Pride of Place
Restaurateurs Attuned to Their Environment Spawn Successful New Concepts
By Joan Marsan, Associate Editor -- HOTELS Magazine, 7/1/2000
Chefs do not need to emphasize localized cuisine
to please customers, although regional fare often tops establishments’ lists of best
sellers. And indeed, several restaurants represented here pay homage
to site-specific flavors. Boston’s The Federalist heralds its
New England clambake. Fresco, out of Macau, highlights historic Portuguese
and Mediterranean dishes, such as seafood paella Valenciana. The Restaurant
Kämp in Helsinki stars a noisette of Finnish reindeer. And while
the spate of Mediterranean-inspired openings suggests
otherwise, it is not a requirement that this collection of hot new restaurants
feature southern European and northern African specialties.
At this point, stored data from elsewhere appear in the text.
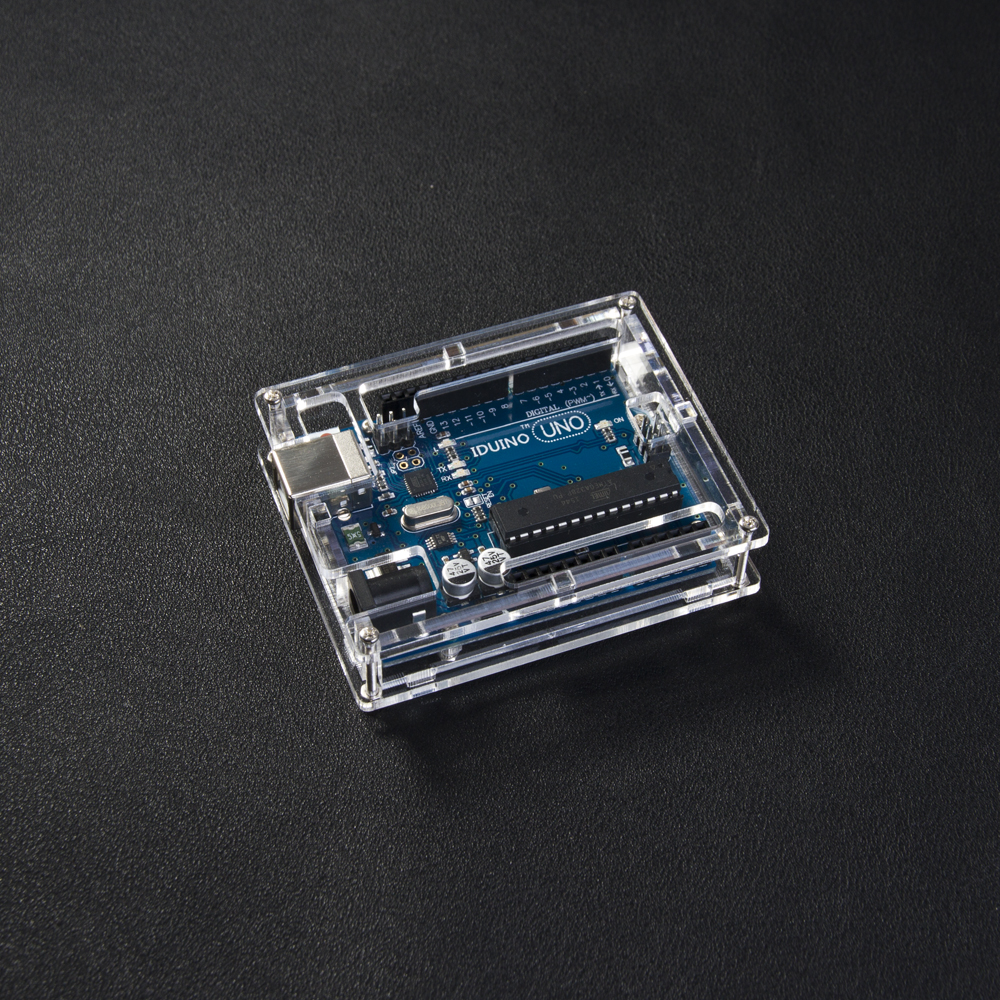 This is a protective case designed for UNO R3 development board.It is acrylic material, and consists
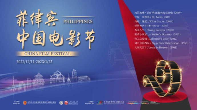 12月11日,由中国驻菲律宾使馆、中国电影资料馆主办的菲律宾中国电影节在马尼拉开幕。本次电影节跨越2023年新年和春节,历时45天,从12月11日至2023年1月25日,并首次向菲律宾电影院线引入高清数字电影格式(DCP)。
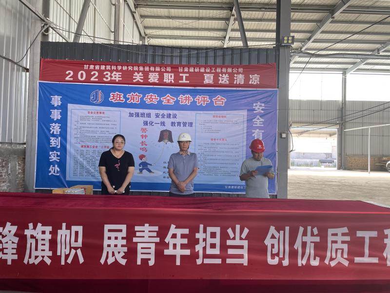 為促進黨建與業務互融互促、量質齊升,使廣大黨員、青年以更加飽滿的熱情推動工作,充分發揮基層黨組織戰斗堡壘作用,黨員先鋒模范作用和青年生力軍作用,更高效地建設好項目,引領帶動全體青年合力攻堅、創先爭優。7月21日,建研建設公司在天水菜籃子項目現場舉行“青年突擊隊”授旗儀式,甘肅建科院副總經理劉新文,建研建設公司黨支部書記孫藝珊,在建項目部全體成員、青年參加此次活動。
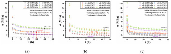 Stress-relaxation rate at different tensile rates: (a) v = 2.5 mm/min; (b) v = 5.0 mm/min; (c) v = 10.0 mm/min.

Rather, those who cultivate an understanding of
the moods and character of their clientele and location may find new
touches that will capture the interest of the customers their restaurant
is most likely to draw. Their understanding will guide them to seize
opportunities and fill voids. The CuisinArt Resort & Spa in Anguilla attracts sophisticated
foodies eager to taste exotic meals emphasizing crisp, natural cuisine.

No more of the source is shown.